4. Salaries and compensation in 2011

4.1 Salaries and other benefits paid to the president, his deputy and the Corporate Executive Team members for the financial year 2011

In 2011, including fringe benefits the salary paid to President and CEO Jukka Hienonen totalled EUR 510,842. No performance bonus was paid to the president in 2011. Based on the share-based incentive plan described above (section 3.2) President and CEO received a share reward valued EUR 711.000. Neither the company nor its subsidiaries paid any other compensation to the president. In 2011, Deputy CEO Timo Nieminen was paid EUR 163,282 in salary, including fringe benefits, and a performance bonus of EUR 10,128. For the members of the Corporate Executive Team (excluding the president and CEO and deputy CEO), salaries including fringe benefits amounted to EUR 1,204,215, performance bonuses to EUR 88,885 and share payments to EUR 463,267 in 2011.

In 2011 the company paid contributions pertaining to voluntary pension insurance on behalf of the president and CEO and on behalf of Deputy CEO's EUR 207,145.

4.2 Long-term remuneration

Under the long-term incentive scheme (the incentive scheme concerning the years 2008, 2009 and 2010) and based on the 2010 results, the Board of Directors has decided to grant a total of 53,956 SRV Group Plc shares, accompanied by a sum of money corresponding to this number of shares enabling the payment of the related withholding tax and social security contributions, to a total of 37 persons employed by the Group. Of these, four belonged to the company's management, and received a total of 11,868 SRV Group Plc shares under the share-based incentive scheme.

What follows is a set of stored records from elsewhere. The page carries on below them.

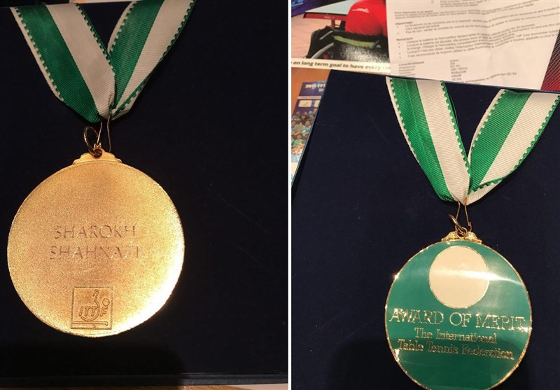 بر روی این نشان نام فدراسیون جهانی تنیس روی میز و در پشت آن نام شاهرخ شهنازی حک شده است.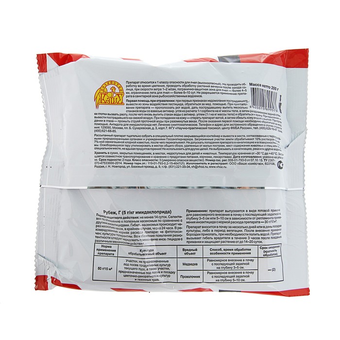 «Рубеж», особенность действующего вещества этого препарата в том, что риск возникновения резистентности (устойчивости) вредителей минимален. Препарат выпускается в виде готовой приманки для равномерного внесения в почву с последующей заделкой.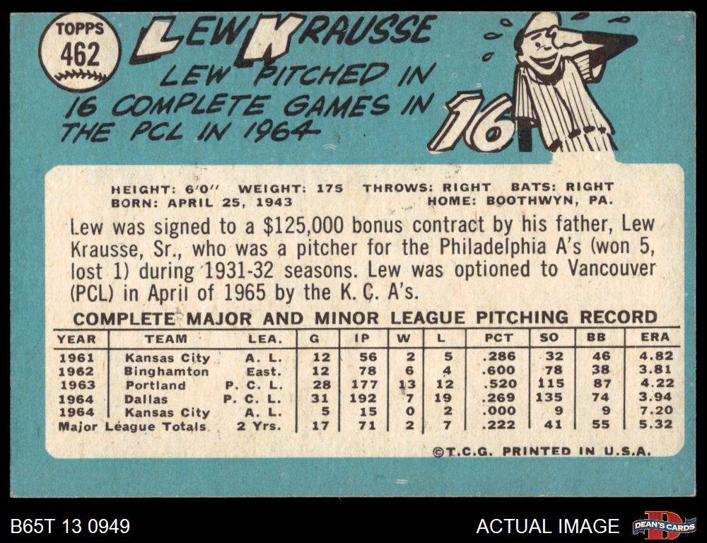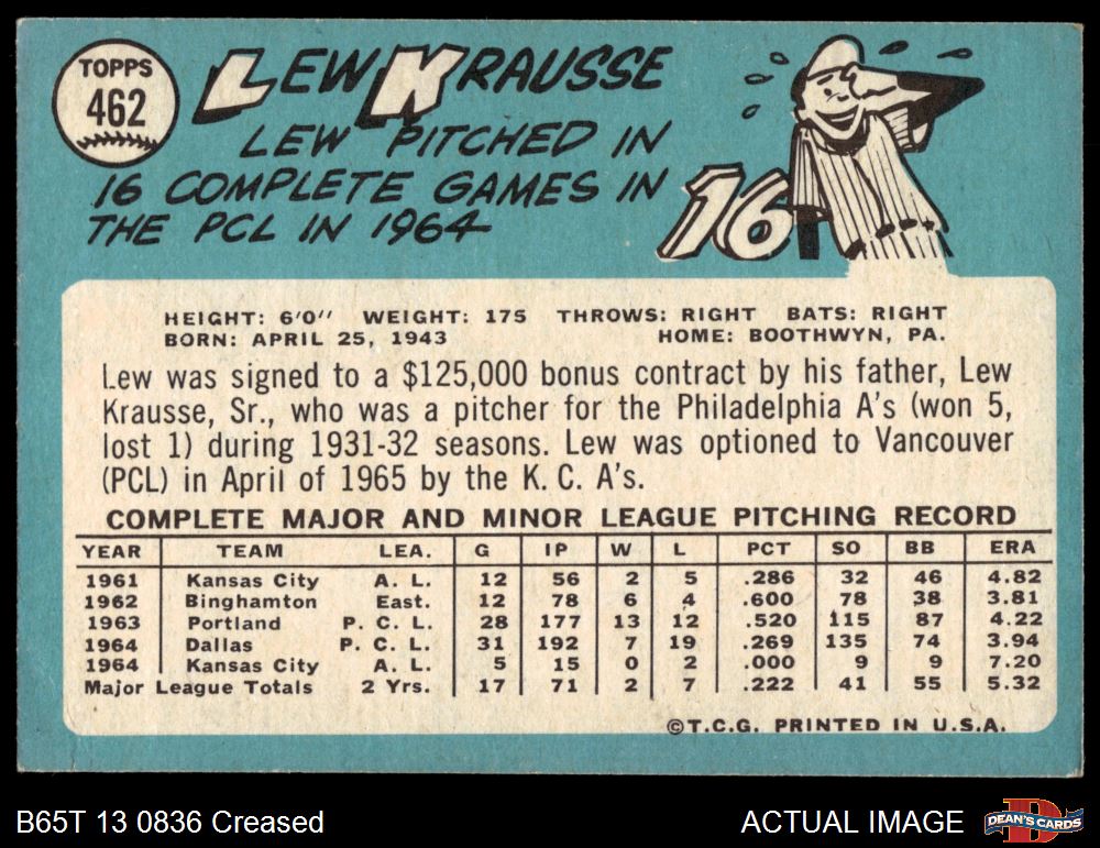 1965 Topps #462 Lew Krausse Front Thumbnail

5. Decision-making prodecure concerning salaries and remuneration

SRV Group Plc's Board of Directors decides on the terms of employment of the president and CEO and other members of the Corporate Executive Team, and their other compensation, based on a proposal by the Nomination and Compensation Committee. In other matters concerning the terms of employment, including remuneration, the "two rungs up" principle is observed - in other words, decisions are approved and made by a supervisor's supervisor.

The Board of Directors approves the amount of performance bonuses paid to the president and CEO and other Corporate Executive Team members under the performance bonus scheme. Performance bonuses payable to other persons are approved by business area executive vice presidents and the president and CEO. In each case of bonus approval herein, the "two rungs up" principle is applied. Performance bonuses can be approved for payment only after an assessment to ensure that the criteria set for the earning period have been met. With respect to financial criteria, such an assessment is conducted in the year following the earning period, after the completion of the financial statements. The fulfilment of personal criteria is evaluated annually in development discussions between the supervisor and subordinate. A decision over granting share bonuses is taken by the Board of Directors, based on the authorisation, concerning the issue of shares without payment, granted to the Board from time to time by the general meeting.